I asked Christina and Alan what they wanted to see here, and at the very top of Alan's list was: the mountains. Getting to a good hiking trail is not as straightforward here as it is in California. Hardly anyone has a private car, the buses don't go anywhere good, and these mountains are truly remote and you can get in real trouble if you don't know your way.
So I exploited the contacts I have painstakingly built up over the past few years here, and organized our own private little expedition. It included: a professional guide and assistant guide, a car and driver to drop us at our starting point and meet us on day three at our exit point, and the security of knowing we were going somewhere good and probably wouldn't get lost and die. All that for about $12.

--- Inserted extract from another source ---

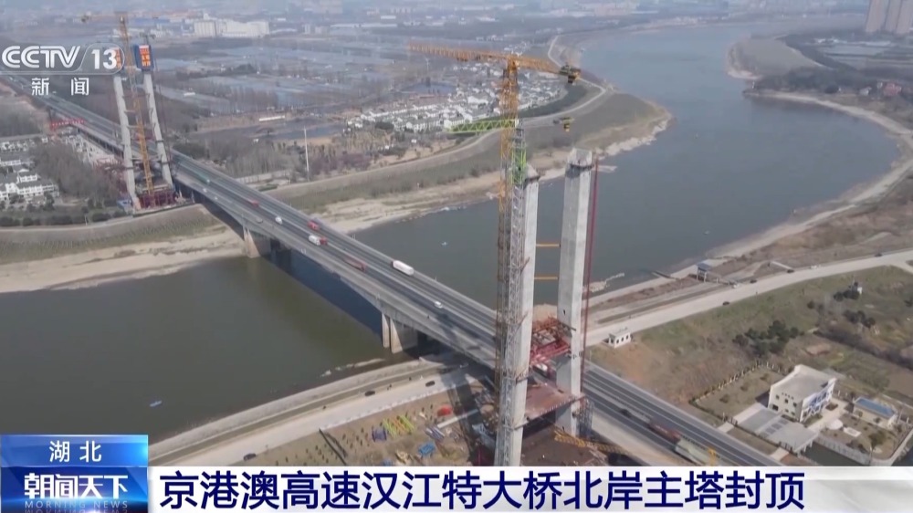 進度條更新!京港澳高速漢江特大橋北岸主塔封頂
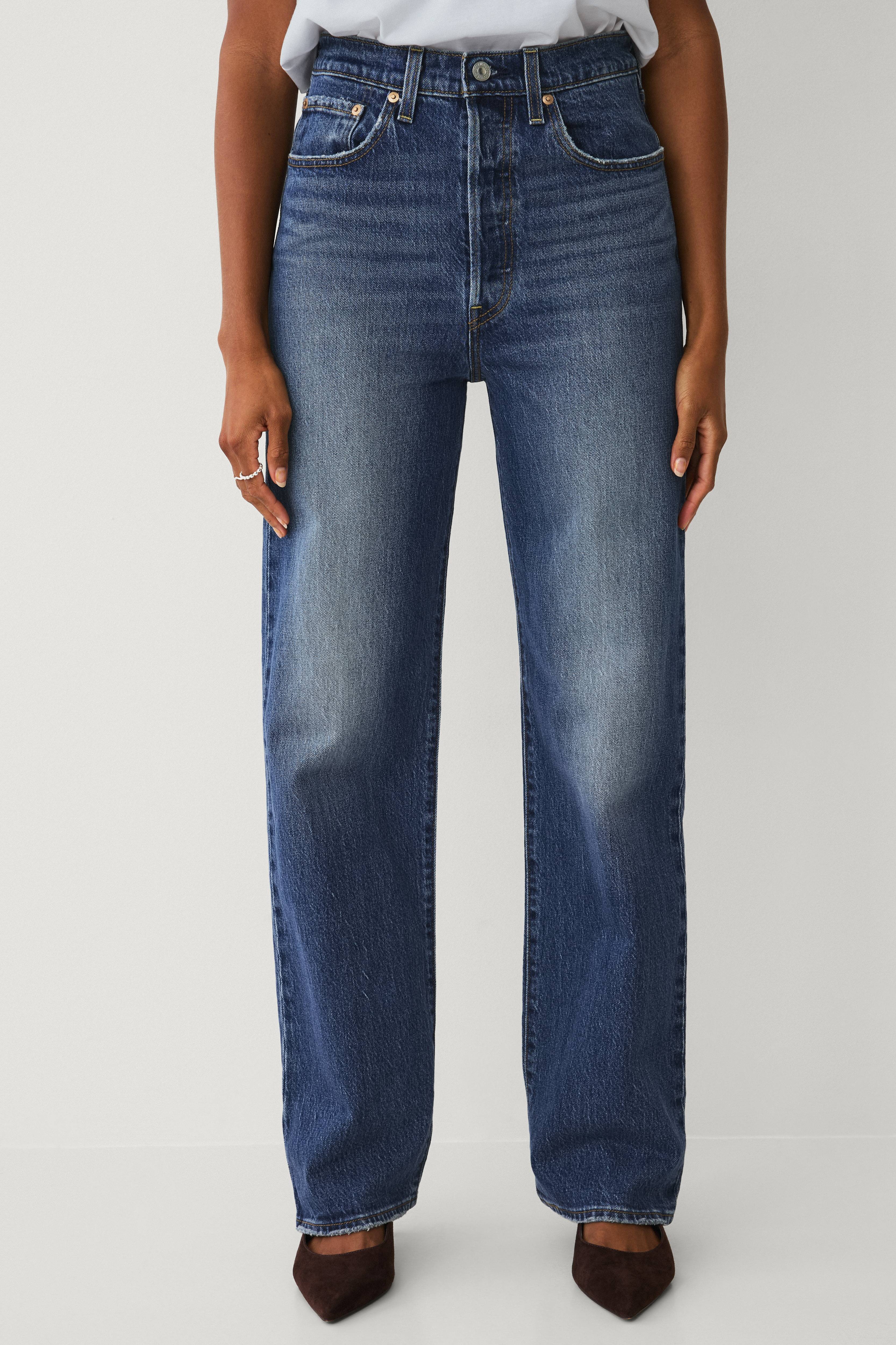 Malli on 173 cm pitkä ja hänellä on päällään koko W27/L31

Unfortunately nobody really told us what we were getting into, but I started getting suspicious about the nature of this hike as my friend Wang Jing's text messages to me continued getting more and more dire. Dress warmly, it'll be cold. Be sure to bring good mats, it'll be cold. Dress
really warmly, we'll probably be camping above the snow line the second day. Then: wear pants that can be rolled up and shoes you can change into to wade into water, we'll probably have to cross a lot of rivers.

All of her dire warnings turned out to be understated, and we all hobbled along after our (thankfully) very competent ex-Special Forces guide for three solid days of scrambling across rock faces, hopping from rock to rock by the Sulaxia river, and making extremely harry crossings sometimes by wading in and sometimes by leaping over rapids, pulled and coaxed by our strong, tall, heroic leader Lao Mao. (老猫: means "Old Cat". Old is a marker of respect, not age, and Cat because he says he has nine lives. I believe it.)

It was, in a word, relentless. Our first day started with running across loose rock in the dark, and the second day we hit the really challenging parts which a very small number of us were up to the challenge of facing more or less on our own.

There was no trail, there were no flat bits where you could just raise your head and look at what was around you without possibly falling to your death. We just kept climbing, crawling, jumping, slipping, scrambling, kneeling, and cursing.
It was, in another word, fantastic. Those hikes are the kind I live for: where you're simultaneously regretting your existence and stupidly happy to be there. I rarely meet a trail that can wind me, but I could barely walk my own way out of this.

Not everyone fared as well as I did though...one member of our team actually did have to be carried out by our guide. Not from injury, but exhaustion.
Poor Alan had another souvenir from a falling-over incident on the part of another hiker, but luckily we all came out with all parts of our body intact and our five senses as intact as they started out as.